All equational axiom systems can be represented with two binary operators f and p, where p is a pairing function and we specify a constant using an axiom of the form
ForAll[a,ForAll[b,f[a, a] == f[b, b]]], and then the ith constant is c[i]=Nest[p[f[a,a],#]&,f[a,a],i]. We can then use f[c[i],p[c[1],x]], as the ith function of x. Note that x may be a list built from pairs. Of course, this assumes that there are an infinite number of  individuals in the most general case.

All axioms can be given in Skolemized form, hence there is no need to use existential quantifiers in axioms.

The mathematical universes created by this method were checked for consistency (proving that a==b in inconsistency systems for any a and b, in other words that in them it is possible to prove that anything equals anything) and internal independence (the minimal set of axioms, in other words that an axiom ai in S cannot be derived from another axiom aj or a subset of {a1,..,an} in the system S, where n is the length –number of axioms– of the system S). Some interesting results (to be published in the Journal of Complex Systems) have been obtained, like the proportion of  consistent to inconsistent axiom systems in such an enumeration –which is not precisely arbitrary but lexicographically–, or of internal independence to dependency. The purpose of the project is to shed some light on questions like the following:

- Euclid described axioms as self-evident truths. From the perspective of modern mathematics it is quite evident that it would be very difficult to  find axioms that are self-evident truths, and even  more difficult to claim that one’s axiom of choice or the continuum hypothesis are self-evident truths. So the problem is: Where do we get axioms from?
- What is evident is that math theories begin from something that is assumed to be true,  a starting point adopted for pragmatical reasons rather than because of its intrinsic truth value.
- How special are our mathematics (Are we being “mathcentric” in the Copernican sense)?
- How far along are  current mathematical theories in the enumeration of all possible axiom systems (they are enumerable)?
- Given an enumeration, how arbitrary is it and what role will it have in placing our current mathematics?

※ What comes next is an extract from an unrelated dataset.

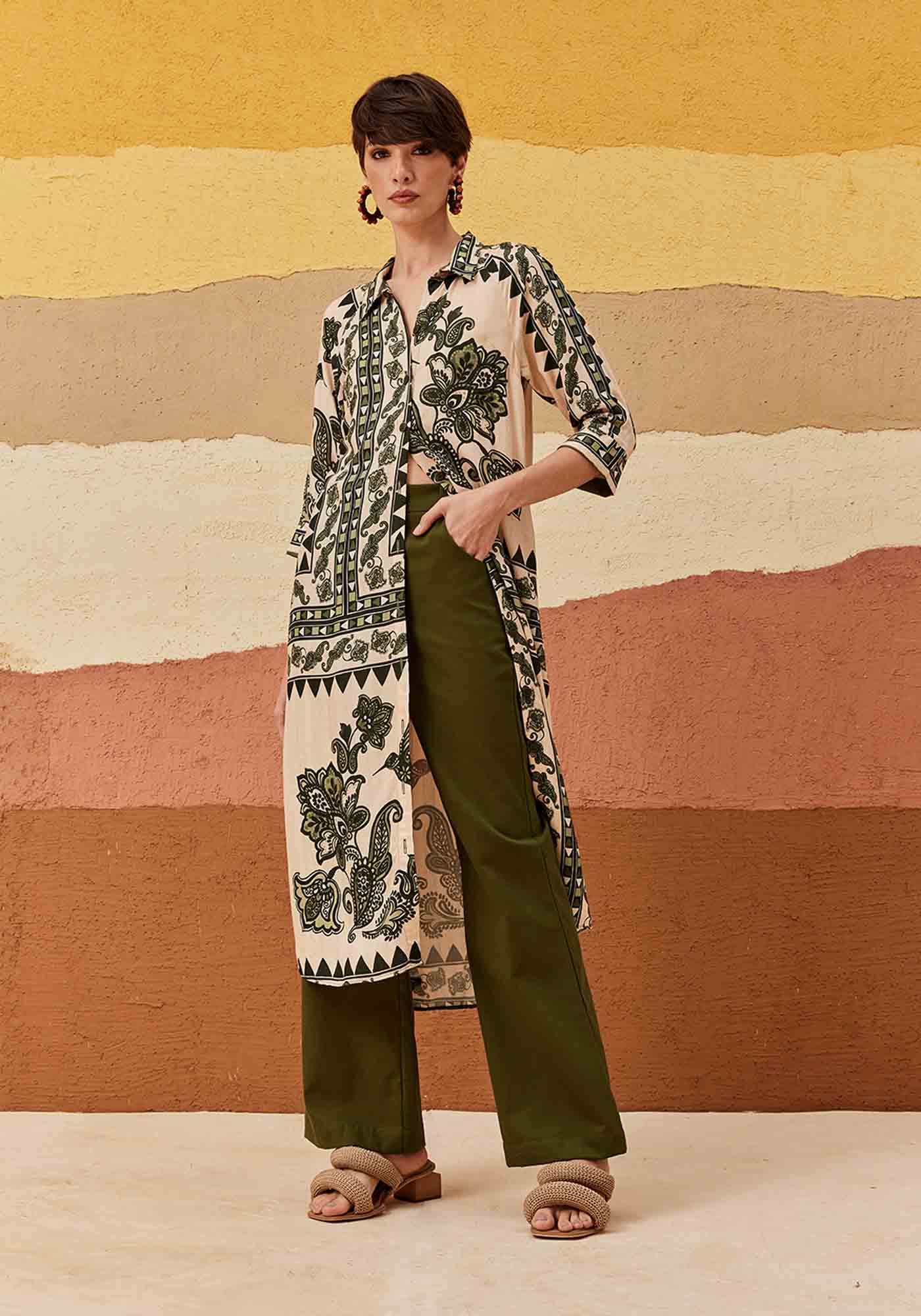 A Chemise Regular Tecido Estampada é a escolha perfeita para quem busca sofisticação com um toque moderno. Com modelagem alongada e mangas ¾, ela oferece um caimento elegante e confortável. O abotoamento frontal garante praticidade, enquanto a estampa exclusiva "Bodegas", disponível nas combinações de bege e verde ou bege e vermelho, traz um ar descontraído e contemporâneo à peça. Confeccionada em 96% Viscose e 3% Linho, a Chemise é perfeita para ocasiões informais, mas com aquele charme extra que transforma qualquer visual.

- Is there a shorter axiom system (in terms of number of axioms or their length) defining current mathematical theories? (My claim: There may be several copies of mathematical theories through the whole enumeration, but I wonder whether they get syntactically simpler while becoming semanticaly more complicated. For example, the same operations may have more complicated interpretations in order to capture an equivalent theory in fewer or shorter axioms. S. Wolfram was surprised at how close the axiom systems for propositional logic were when he enumerated non-quantified systems for his NKS book.  Could the same be true  for arbitrary mathematical theories, and if so what would that mean?)
- Is there a single type of math? In other words, could  an hypothetical alien civilization have a different mathematics? It seems that there is a single physics since, presumably, we live in a single universe. However we have several models of that universe, not all of which are mutually compatible, and a priori their are known as approximations. So the question could be split into two: perhaps there is a single physics but we are not able to access it assuming real numbers, i.e. by traditional methods. However, it seems unclear how we might argue that there is a single type of mathematics.

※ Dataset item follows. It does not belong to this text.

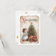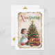 Capture the innocent wonder and joy of the holiday season with this beautiful Vintage Child and Christmas Tree design. The charming illustration features a wide-eyed little girl dressed in a classic white dress, looking in awe at a brightly decorated Christmas tree surrounded by a huge stack of colorful presents.

- Is there a minimum set of mathematics shared by all possible hypothetical civilizations, probably at least  arithmetic theory, those theories closer to physical reality?.
- Assuming a discrete universe and the role of mathematics and physics for determining what we call “real”, the enumeration of possible universes would be feasible. What would it mean if our universe is very close to the beginning of the enumeration of all possible universes? Of course that is very dependent on the chosen enumeration, but could it be in some way independent or less arbitrary? In what degree?